12, and no one complains. where's 12? nowhere).

> I

> hesitate to assert this since another explanation could be that we

just prefer

> "simplicity" (not only concerning interval ratios but also time

ratios!).

that's more like it! (btw, the two processes are similar, but not

exactly analogous.)

> --- In tuning-math@y..., "Hans Straub" <straub@d...> wrote:

>

> > Musical motifs in n-TET tuning and in m time meter can thus be

> represented

> > as sets in Zm x Zn.
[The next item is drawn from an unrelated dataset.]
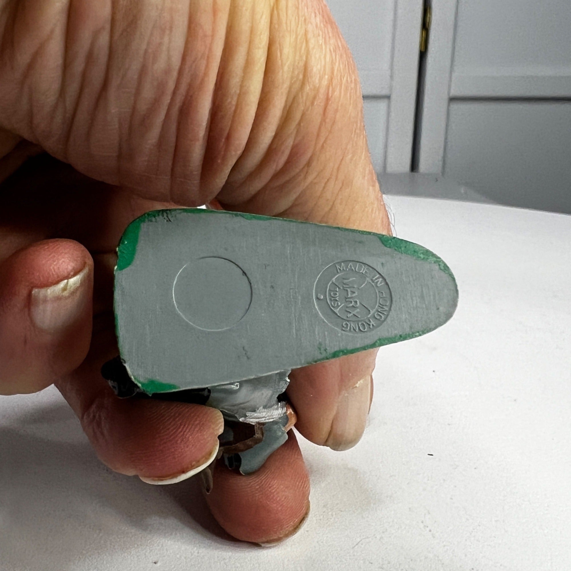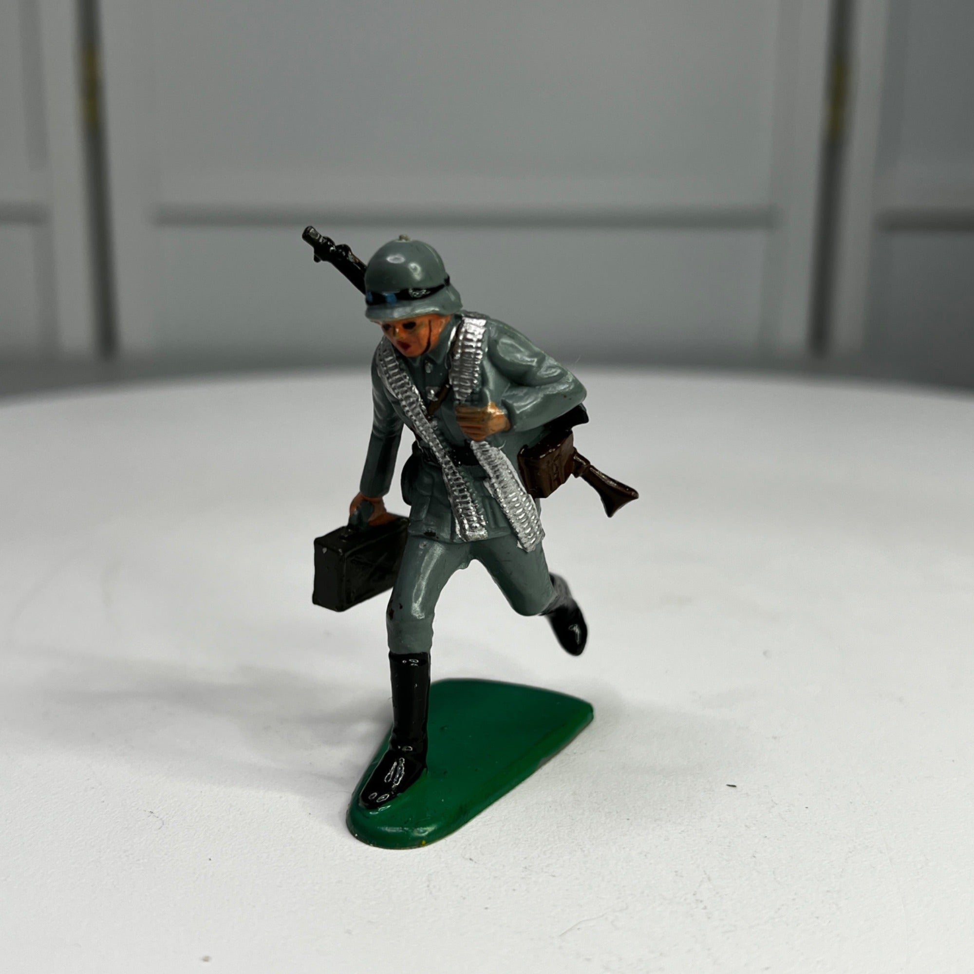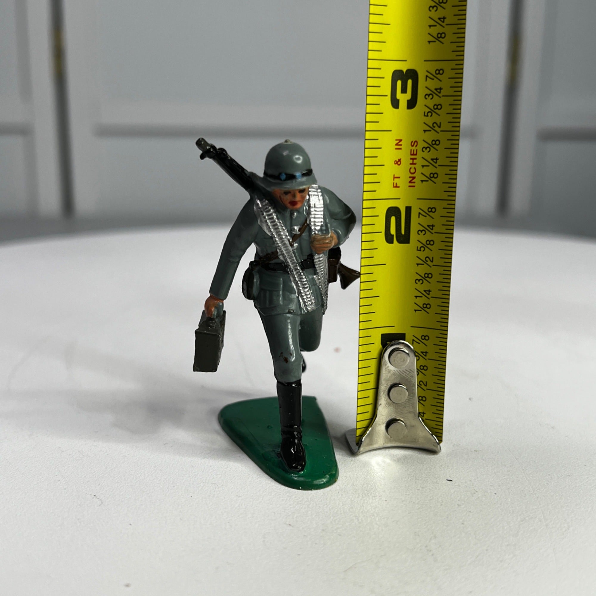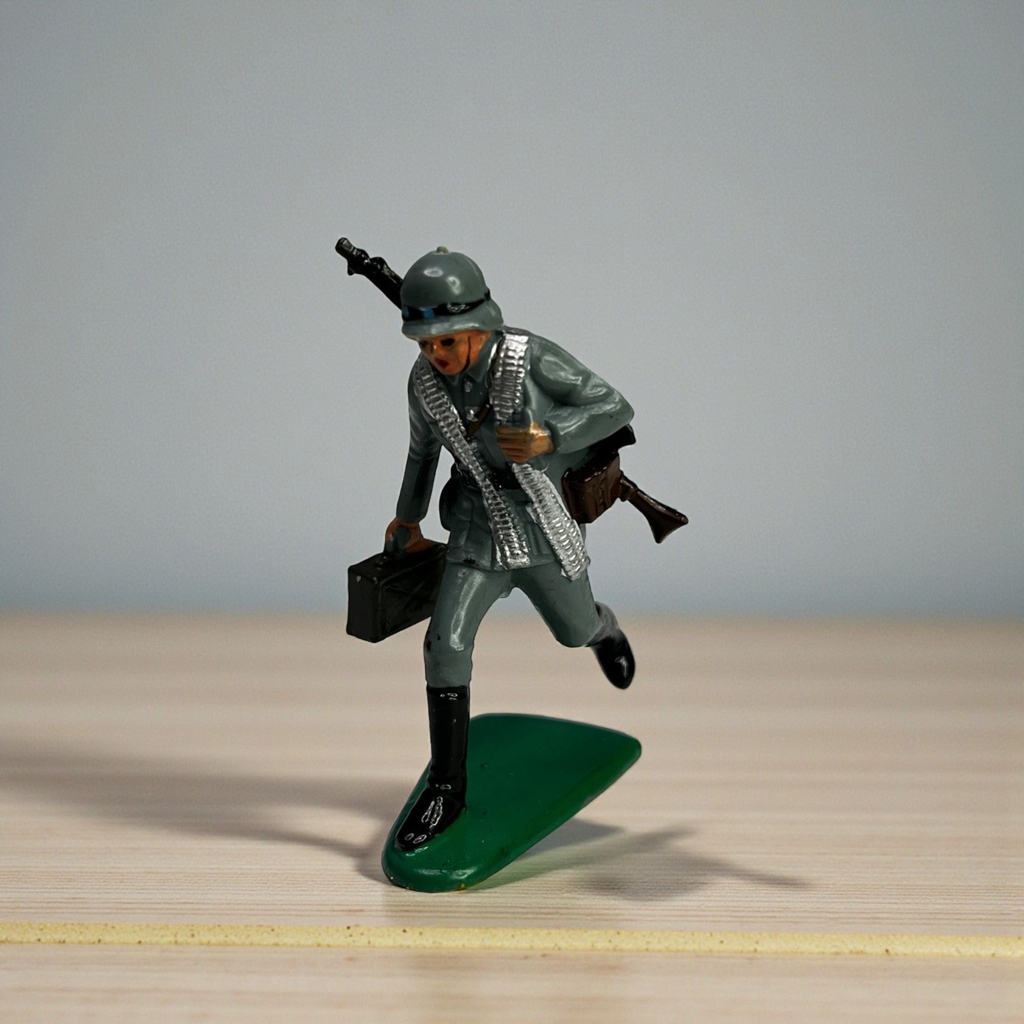 This vintage Marx Otto Schroeder WWII German soldier figure, part of the "Warriors of the World" series, captures the era's essence with detail. Crafted from durable plastic, it stands at 2 1/2 inches, showcasing the soldier in a dynamic running pose and carrying ammunition . Ideal for toy collectors and history enthusiasts.

For the properties and classification of sets

> in this

> > space, the numbers n and m (their prime factorization in

> particular) are of

> > high importance.

>

> is mazzola influenced by balzano in this respect? i have a feeling a

> number of "set-theorists" are falling into a major trap, seduced by

> certain coincidences involving the number 12, while in reality the

> number 12 is of peripheral importance, if any, to our music (play any

> pre-beethoven common-practice western, thus inherently HEPTATONIC,

> piece of music in 19-equal or 31-equal or golden meantone instead of

> 12, and no one complains. where's 12? nowhere).

>

Mazzola knows Balzano, AFAIK; whether this has relevance in this special

case, I don't know.

The formula, of course, applies only for music in 12-TET, hence indeed not

for pre-Beethoven. (Mazzola explicitly mentions jazz.)

But what you write about the number 7 is a good point - for that would foster

7-rhythms - and those are even rarer than 5-rhythms...

>> So I would like to ask the experts for music in other tunings here: did you

>> ever notice a thing like that - that, depending on tuning, certain time

>> signatures appeared to be "easier" than others? I would really like to

>>know!

>absolutely not. tunings very close to 5-equal and 7-equal are very

>common all over the world, and those cultures show no predilection

>for quintuple or septuple meters -- let along a predilection for

>correlation those meters with the respective tunings!

Ah well, this was what I wanted to know... Thanks for the informations.

--- In tuning-math@y..., "Hans Straub" <straub@d...> wrote:

> > --- In tuning-math@y..., "Hans Straub" <straub@d...> wrote:

> The formula, of course, applies only for music in 12-TET, hence

indeed not

> for pre-Beethoven.

viols and lutes and guitars were tuned in 12-equal centuries before

beethoven.

meanwhile, though 12-equal was fully worked out mathematically in

1585 by Simon Stevin and in 1636 by Marin Mersenne, it would have to

wait until 1802-1817 (1850s in england and spain) to become a de

facto standard. post-beethoven, essentially.